- **Exercise requirements**
Copy word for word the lines of the records below, beginning at the one with "- Un comptoir" and finishing at the one with "Vlastnosti: třídič, zvonky, pohyblivá", ends included, but none of the pictures.

- **Items from a dataset**
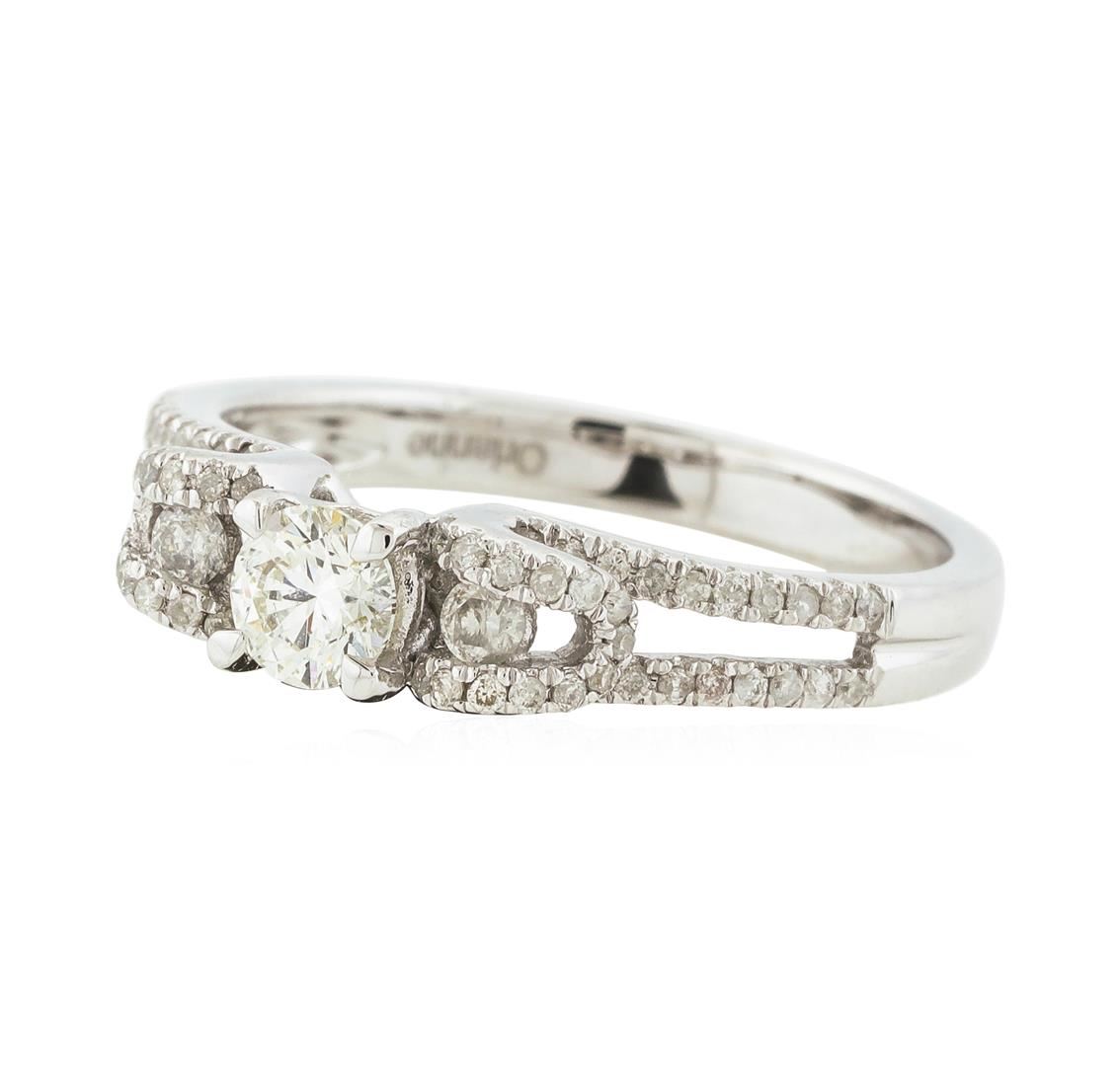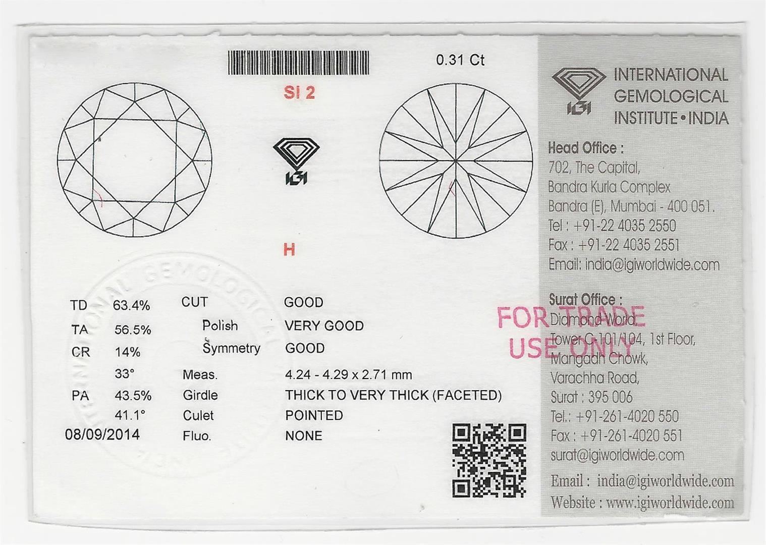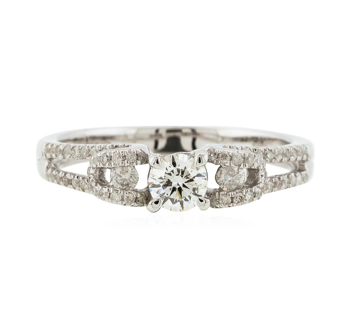 One 14KT White Gold 0.59ctw Diamond Ring with a total weight of 3 grams. The center diamond has a weight of 0.31cts with a color of (H) and a clarity of SI-2. Total weight of side diamonds is 0.28cts. IGI Appraised.
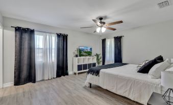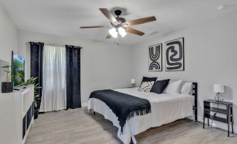 A stunning property completely remodeled with heaps of space indoors and out. Lawn stretches to the lake for perfect relaxation. Easy drive to gardens, and the Tiffany (Morse) museum in Winter Park. Top notch appliances and spacious master bedroom with large walk in closet. The bathrooms are ultra modern and lovely. Great communication with our host.
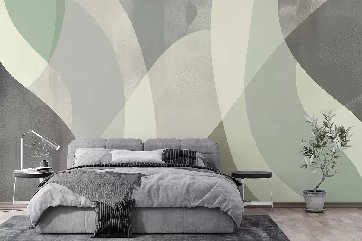 The introduction of the wall mural featuring soft curves in muted tones has transformed the living room into a serene oasis. The flowing lines and green gradients create a calming atmosphere, enhancing the room's sense of space and tranquility. Neutral light gently interacts with the mural, inviting a peaceful ambiance that promotes relaxation. The circular motifs provide a touch of modernity while maintaining a minimalist aesthetic, making the space feel both contemporary and warm. This design choice elevates the overall interior, fostering a harmonious and inviting environment.
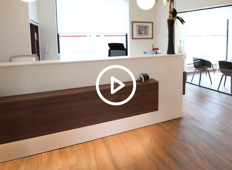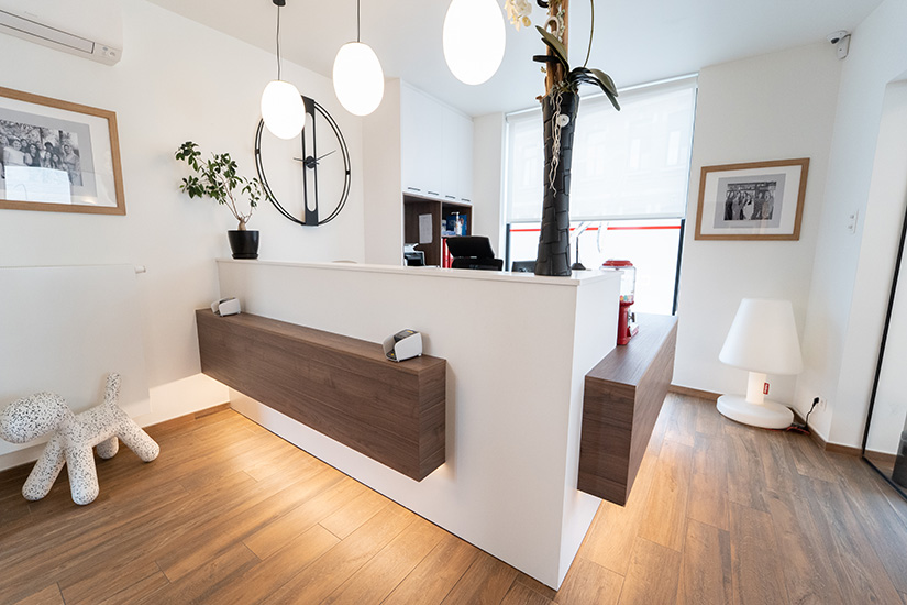 - Un comptoir d’accueil sur mesure en noyer avec éclairage LED indirect placé sur la partie inférieure du meuble pour souligner son design
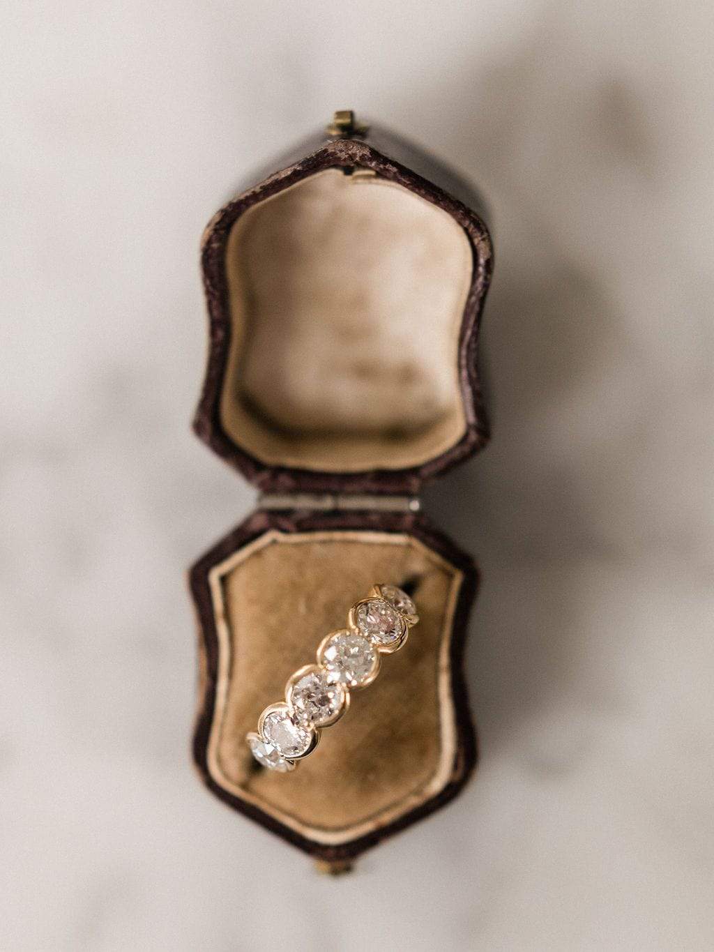 The Allure 1.94 band is a VB-made diamond wedding band with antique diamonds! This Bezel Set 6 Diamond Wedding Band features 6 old European cut diamonds that combine for 1.94 carats that are half bezel-set in an 18kt yellow gold setting. The ring is currently size 5.5 and can be resized!
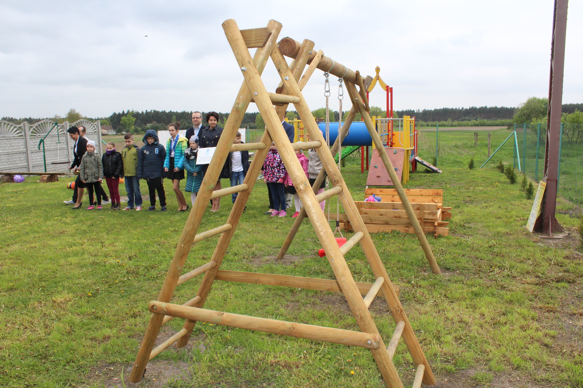 To prezent wolontariuszy z fabryki silników Volkswagen Motor Polska w ramach programu pracowniczego „VWolontariat”. Udział w tym przedsięwzięciu mieli też mieszkańcy wsi, którzy przygotowali teren. Projekt wsparła również gmina.
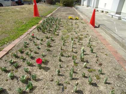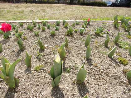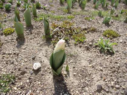 いくつかの赤いチューリップに続いて、いくつかの白いチューリップも咲き始めています。まだ、咲いていないものも、かなりつぼみが膨らんでいます。
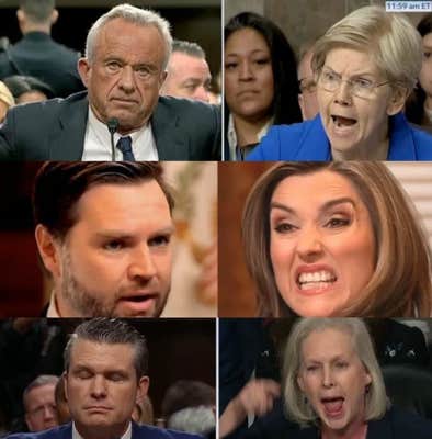 The three men were screenshotted looking saintly and serene, with Hegseth even resting his weary eyes, while the three female interlocutors were depicted as harried and frenzied as possible: A hollering Warren, a sneering Brennan, and an incensed Gillibrand.
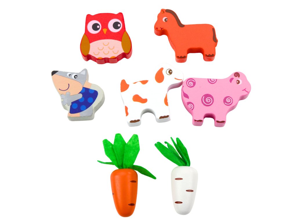 Vlastnosti: třídič, zvonky, pohyblivá kolečka, figurky zvířat, magnetičtí červi
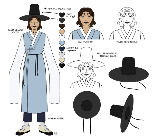 The first concept for Water Rose was created in November 2020, which originally not drawn with the intention of conceptualizing my undergraduate senior capstone. I simply wanted to see two of my Korean characters in an ancient romantic fantasy setting reminiscent of their cultural background.
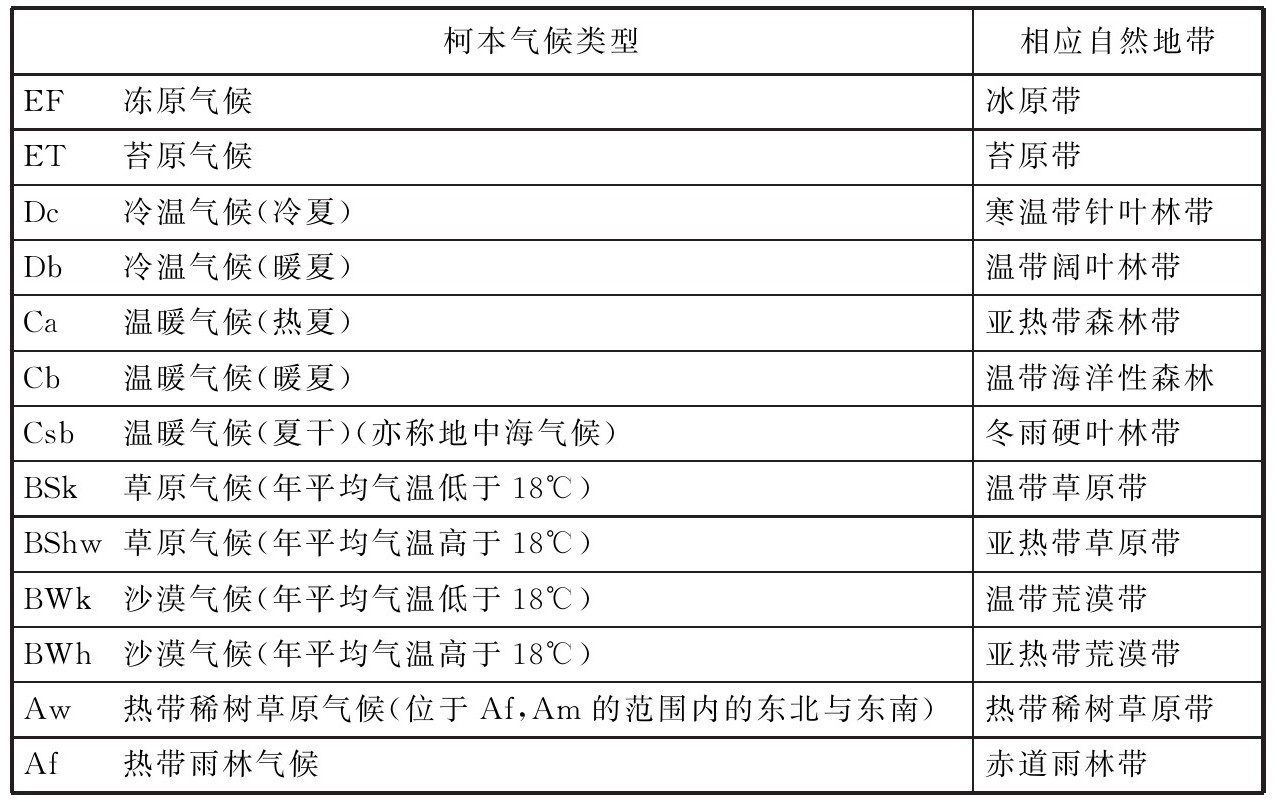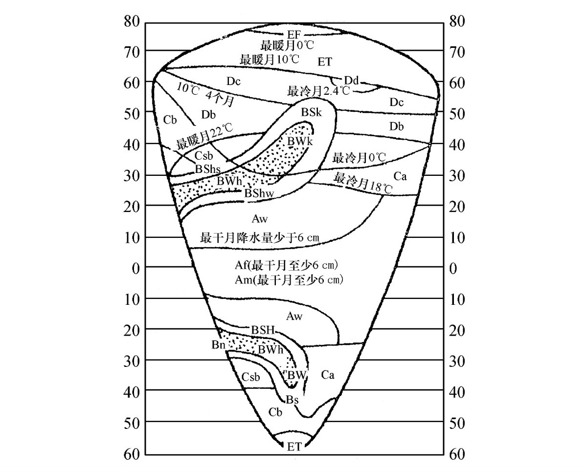 它是研究气候的特征、形成、分布和演变的学科。各种仪器的发明,提供了准确的与可以比较的量化数据,加上气象学的发展,使人们对气候的形成原因有了深入的了解。广大区域与全球的观测数据的汇集出现了全球的等温线图。在20世纪初,德国学者柯本根据气候同植物的关系,对世界的气候进行了分类并于1936年作出假想大陆气候示意图(见图1-2)。它使人们可以从全球规模上去认识地球表面气候类型分布的规律性现象。

- **Completed exercise**
 - Un comptoir d’accueil sur mesure en noyer avec éclairage LED indirect placé sur la partie inférieure du meuble pour souligner son design
 The Allure 1.94 band is a VB-made diamond wedding band with antique diamonds! This Bezel Set 6 Diamond Wedding Band features 6 old European cut diamonds that combine for 1.94 carats that are half bezel-set in an 18kt yellow gold setting. The ring is currently size 5.5 and can be resized!
 To prezent wolontariuszy z fabryki silników Volkswagen Motor Polska w ramach programu pracowniczego „VWolontariat”. Udział w tym przedsięwzięciu mieli też mieszkańcy wsi, którzy przygotowali teren. Projekt wsparła również gmina.
 いくつかの赤いチューリップに続いて、いくつかの白いチューリップも咲き始めています。まだ、咲いていないものも、かなりつぼみが膨らんでいます。
 The three men were screenshotted looking saintly and serene, with Hegseth even resting his weary eyes, while the three female interlocutors were depicted as harried and frenzied as possible: A hollering Warren, a sneering Brennan, and an incensed Gillibrand.
 Vlastnosti: třídič, zvonky, pohyblivá kolečka, figurky zvířat, magnetičtí červi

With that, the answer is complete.